Huggingface RLHF training strategies are designed to produce real-world results by leveraging the power of human feedback and reinforcement learning.
RLHF involves training models on human-annotated data, which allows them to learn from nuanced and context-dependent feedback.
This approach has been shown to improve model performance in areas such as conversational dialogue and text classification.
In one study, RLHF training resulted in a 25% increase in conversational accuracy.
Suggestion: Huggingface Training Service
Efficient Training Strategies
Training large language models requires a significant amount of memory, with a 7B parameter model using 70GB just to fit in memory.
You can use more efficient optimizers or half-precision training to squeeze more into memory, but you'll eventually run out. Another option is to use Parameter-Efficient Fine-Tuning (PEFT) techniques, such as the peft library, which can perform Low-Rank Adaptation (LoRA) on a model loaded in 8-bit.
Loading the model in 8-bit reduces the memory footprint drastically, to just 7GB for a 7B parameter model. This is achieved by adding small adapter layers on top of specific layers, drastically reducing the number of trainable parameters. A rule of thumb for allocating memory is to use ~1.2-1.4GB per billion parameters, depending on the batch size and sequence length.

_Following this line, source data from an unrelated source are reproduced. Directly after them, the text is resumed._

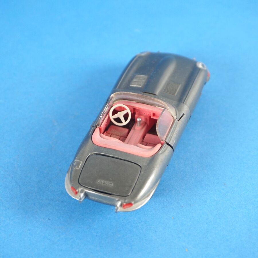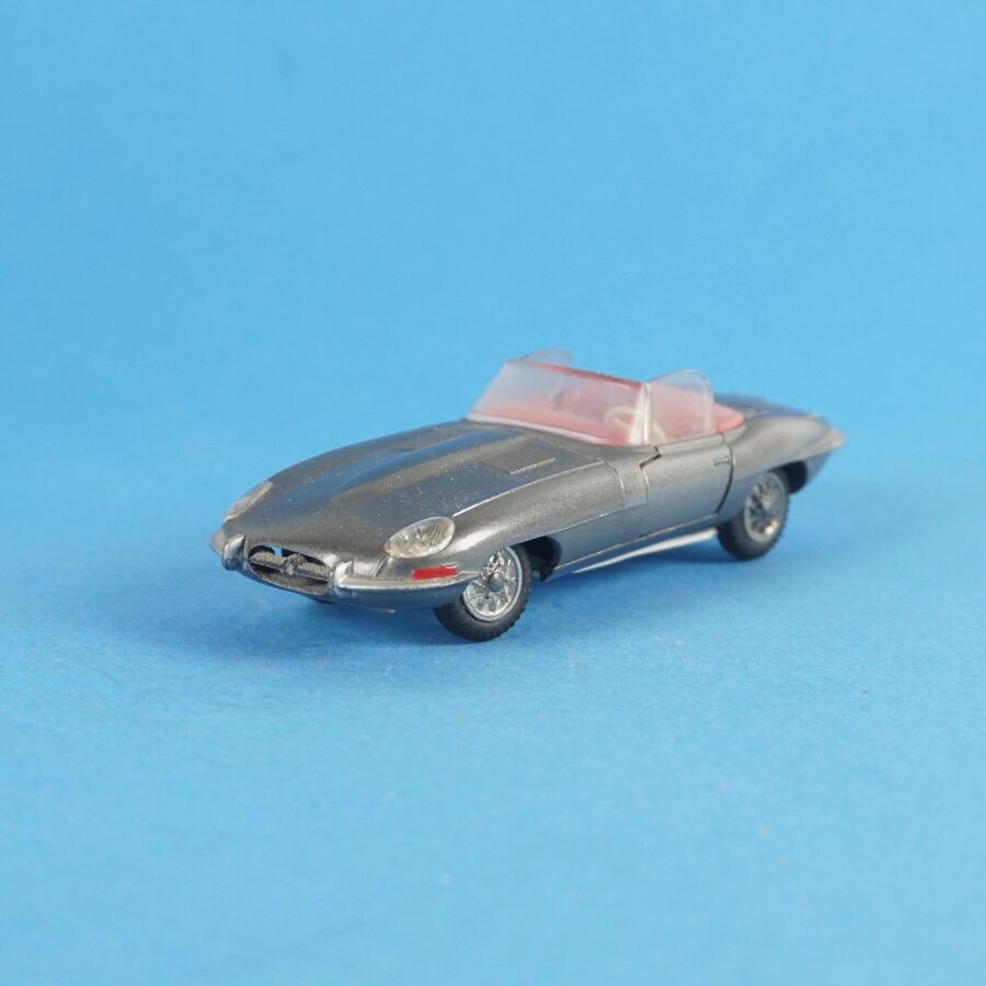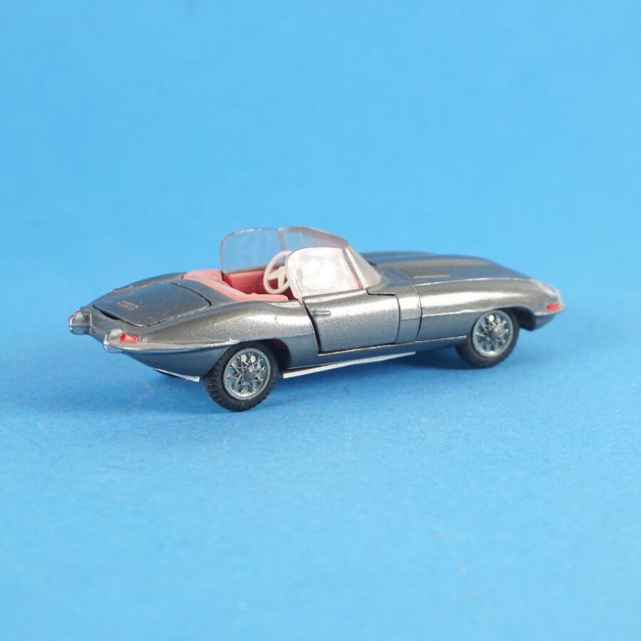 TEKNO (Danemark) : Jaguar "E", réf. 926, couleur grise, intérieur rose, avec portes, coffre et capot ouvrants, dans sa boîte d'origine (quelques usures à la boîte, moteur rongé, infimes écaillures).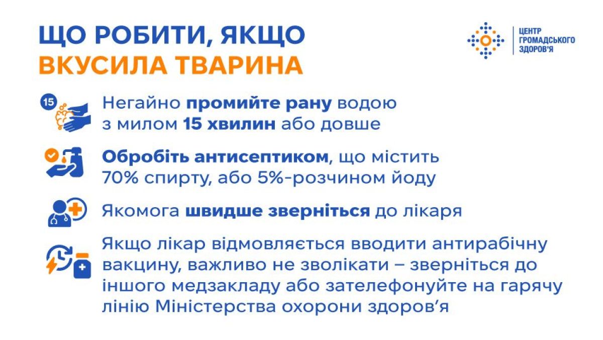 Якщо лікар відмовляється вводити антирабічну вакцину, важливо не зволікати — зверніться до іншого медзакладу або зателефонуйте на гарячу лінію Міністерства охорони здоров’я за номером 0 800 505 201. Перелік закладів, де проводять антирабічну вакцинацію, можна знайти за цим посиланням.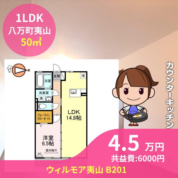 間取りは1LDKで50㎡の広さです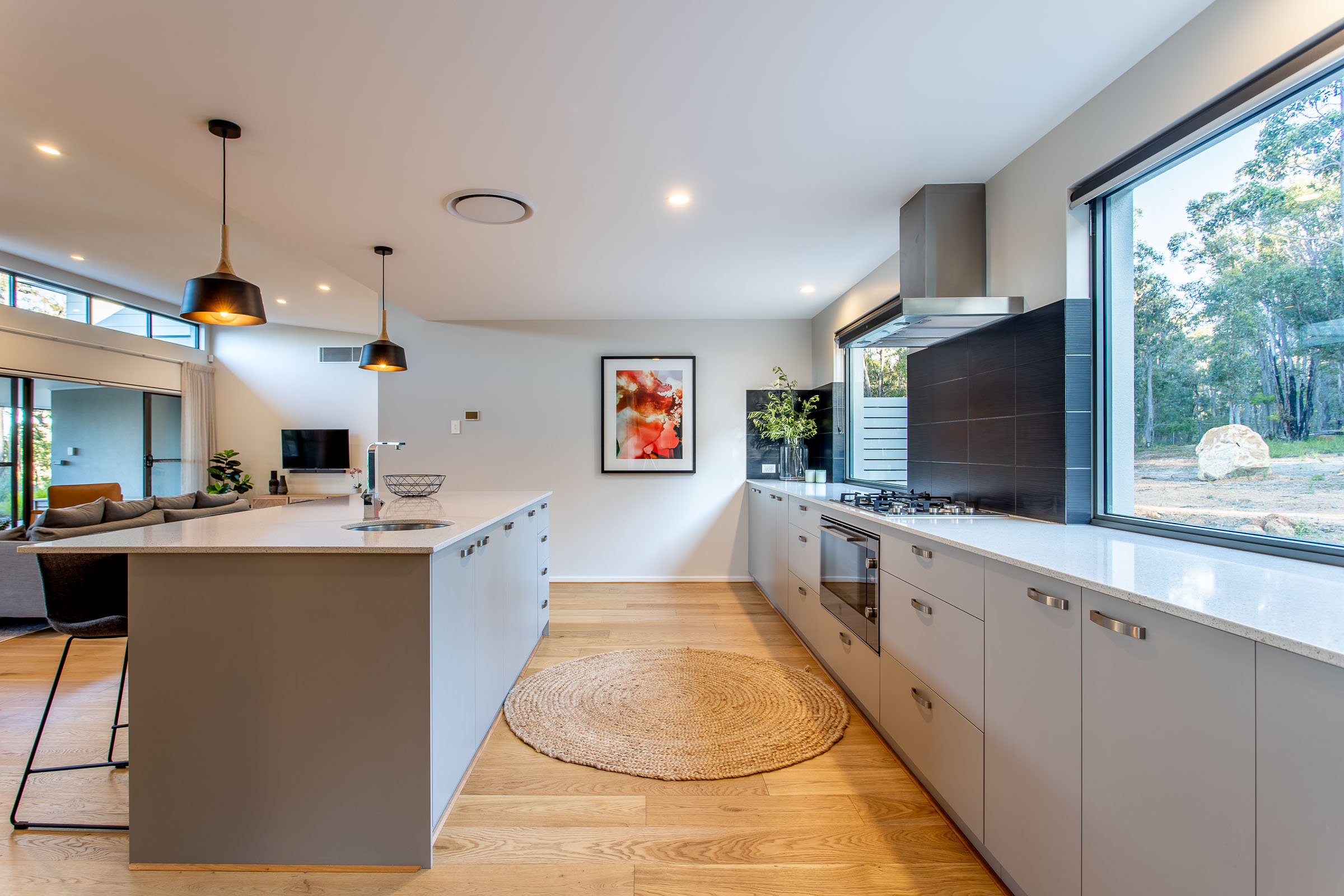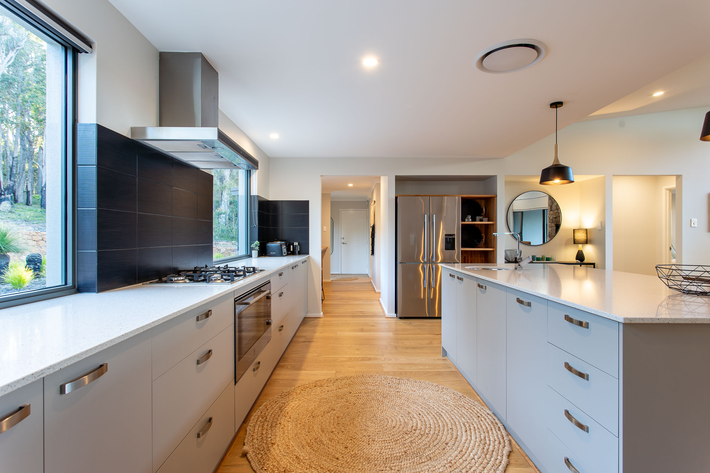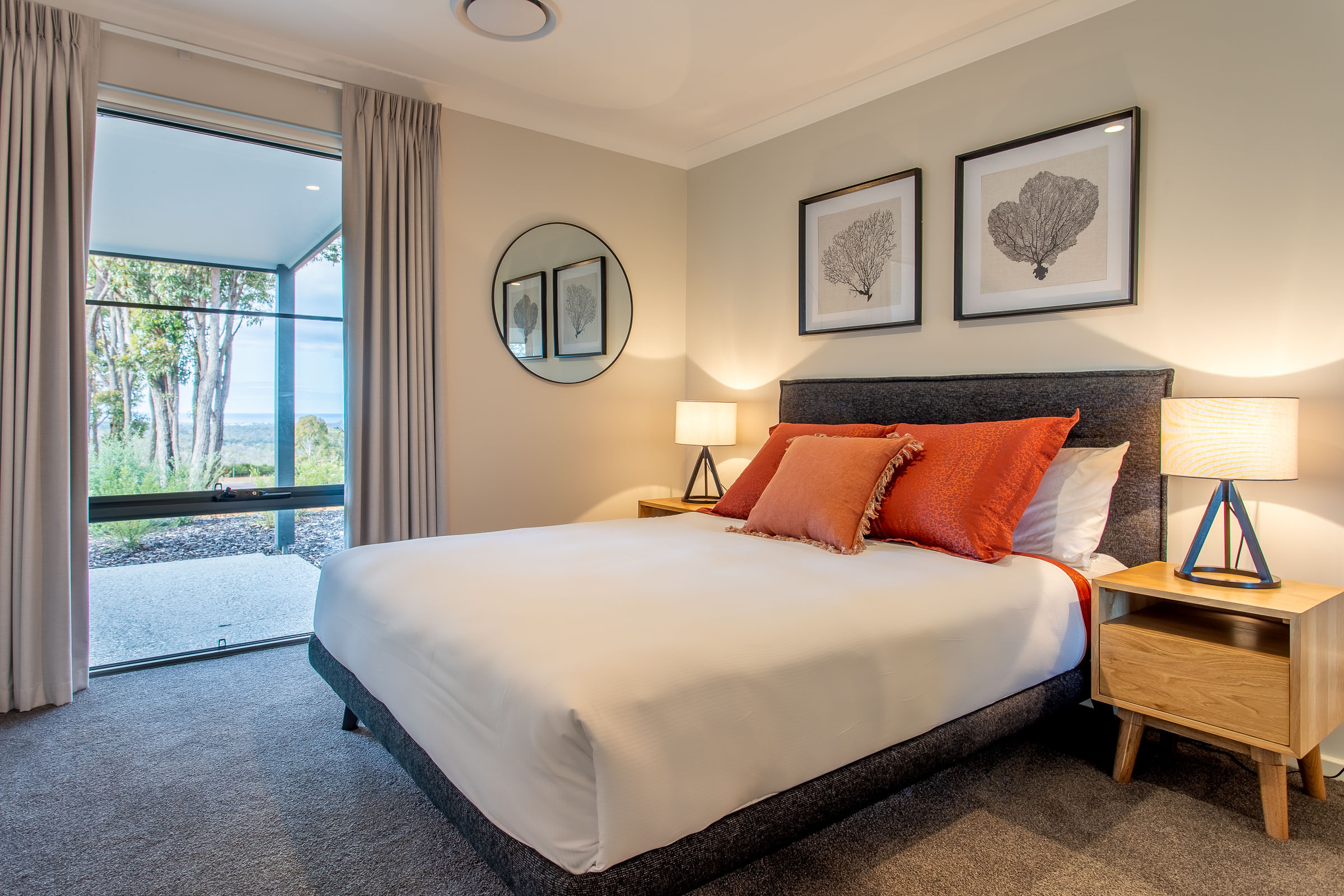 With four bedrooms and two bathrooms, this is wonderfully comfortable for eight people. The master bedroom features a king-size bed and roomy walk-in robe, while the remaining three bedrooms are queen-sized, and all have nice views to the bush.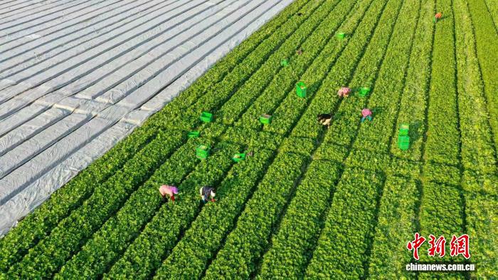 在湖南新田县东升农场,村民正在采收蔬菜。钟伟锋 摄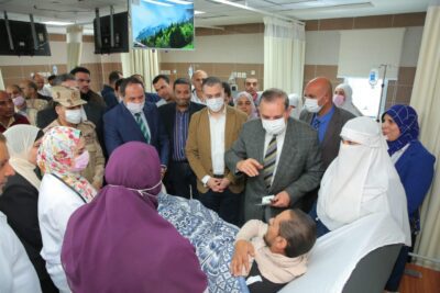 تفقد المحافظ قسم الغسيل الكلوى الجديد للاطلاع على سير العمل والاطمئنان على مستوى الرعاية الطبية المقدمة للمرضي وتابع قسم الاستقبال والعناية وعيادات الباطنة العامة والقلب والأطفال والأنف والأذن والحنجرة وغيرها من أقسام وعيادات المستشفي وبنك الدم والصيدلية.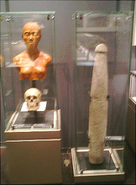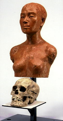 三貫地貝塚出土の人骨をもとに肉付けをしたもの。20歳代の女性で、縄文人としては比較的華奢なタイプに属する。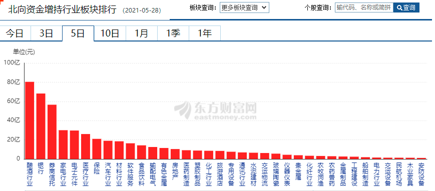 分行业看,从净买入金额来看,北向资金增持了36个行业,其中酿酒行业居首,净买入金额达80亿元,紧随其后的是银行和券商信托板块,净买入金额均超40亿元。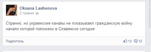 а я, в свою очередь, поставил об этом в известность начальника УМВД Украины в Луганской области Науменко А.В., чтобы исключить возможность Лащёновой информации о блок-постах и перемещении наших войск террористам. Не то чтобы я очень доверял милиции – скорее наборот, однако в данном случае я счёл необходимым поделиться с ними информацией, так как неконтролируемое перемещение столь враждебно настроенного по отношению к Украине человека, да еще и с мужем – сотрудником "Беркута", показалось мне просто неприемлемым. Науменко ответил, что все будет хорошо (он вообще оптимист по жизни), и на этом я окончательно стёр этого человека из своей памяти. Примерно на пару месяцев, пока сегодня не узнал о её задержании. Параллельно с этой информацией мне открылось еще несколько удивительных фактов. Как, например, тот, что, оказывается, за это время Лащёнова из провинциального Старобельска перебралась не в милые русскому сердцу Москву-Псков-Оренбург, а в... ненавистный бандеровский Киев, центр той самой "п...сни", и безболезненно мимикрировала к враждебной среде. По-моему, это неправильно. Мягко выражаясь.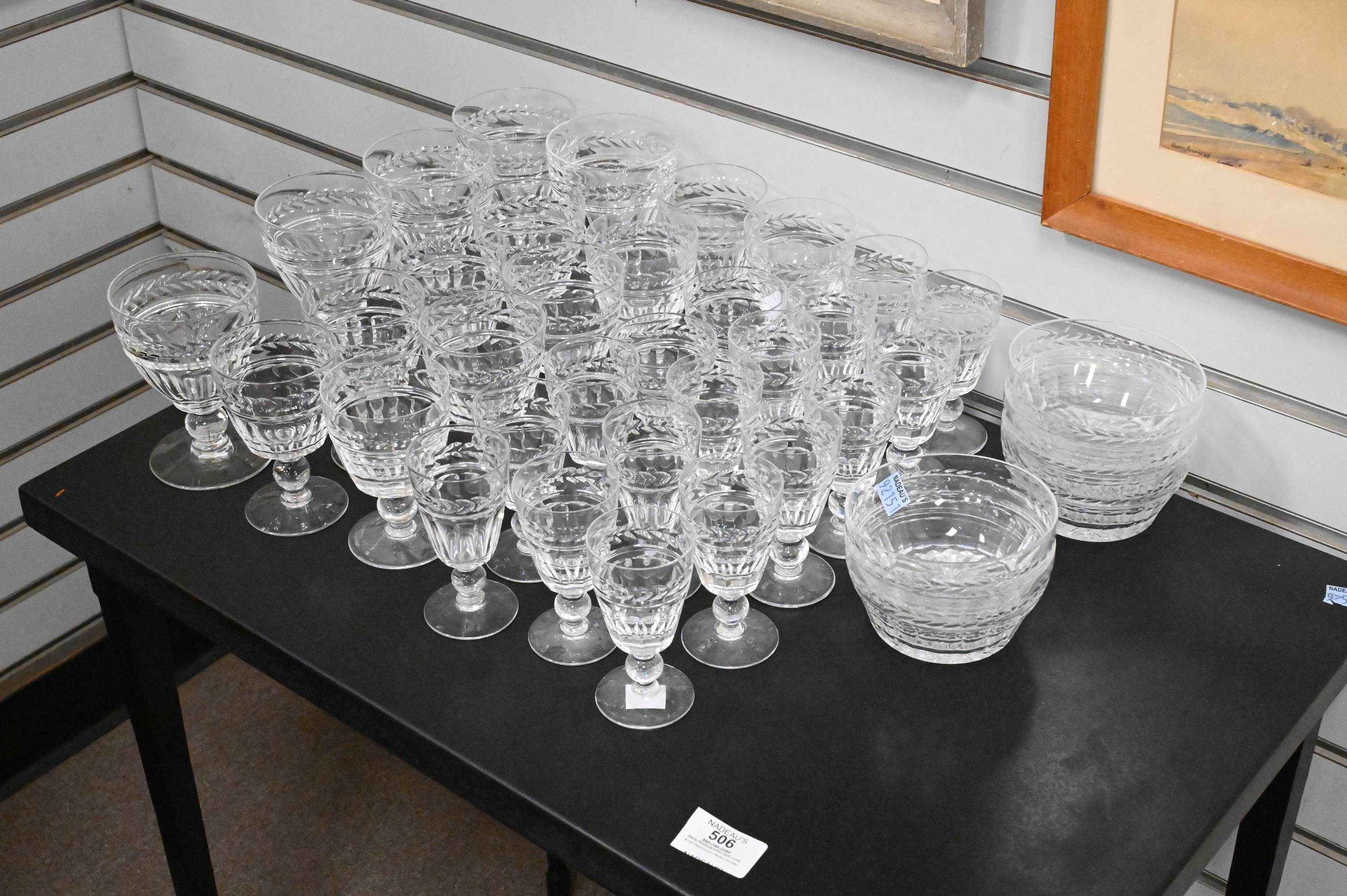 11 water goblets,16 wines, 21 sherry glasses, 8 low sherberts, 5 bowls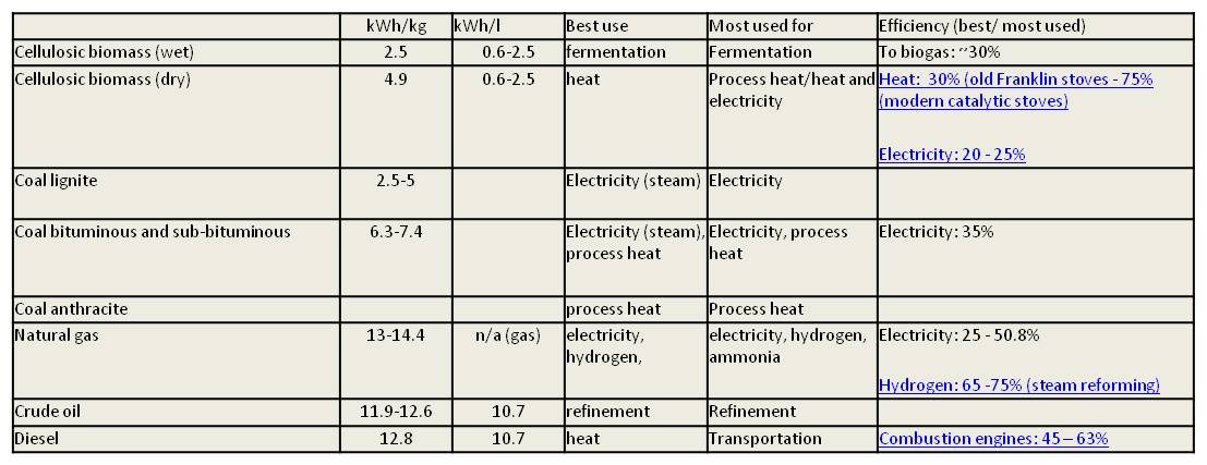 In order to understand possible consequences, we applied the lower efficiencies of biomass conversion to gross consumption of fossil fuels in the U.S. in 2008, based on end use. Approximately 143 quads of biomass are required to replace the 83.34 quads of primary energy consumption of fossil fuels – coal, natural gas and crude oil (Table 4). This handicap is not due to lack of appropriate technology, but simply related to the chemical properties of the materials involved, e.g. state (solid, fluid, gaseous) and energy density of the different sources. With significant shifts to better pathways, for example by heating more homes with wooden biomass directly, we might improve the situation slightly, but never fully, and always at the cost of significant technology investment.

Here's an interesting read: How to Use Hugging Face Models
Supervised Fine-Tuning
Supervised fine-tuning is a crucial step in preparing a language model for downstream tasks.
The StackExchange dataset is enormous, with over 10 million instructions, making it an ideal resource for fine-tuning a model.
We can train the language model on a subset of the dataset, which is more efficient than using the entire dataset.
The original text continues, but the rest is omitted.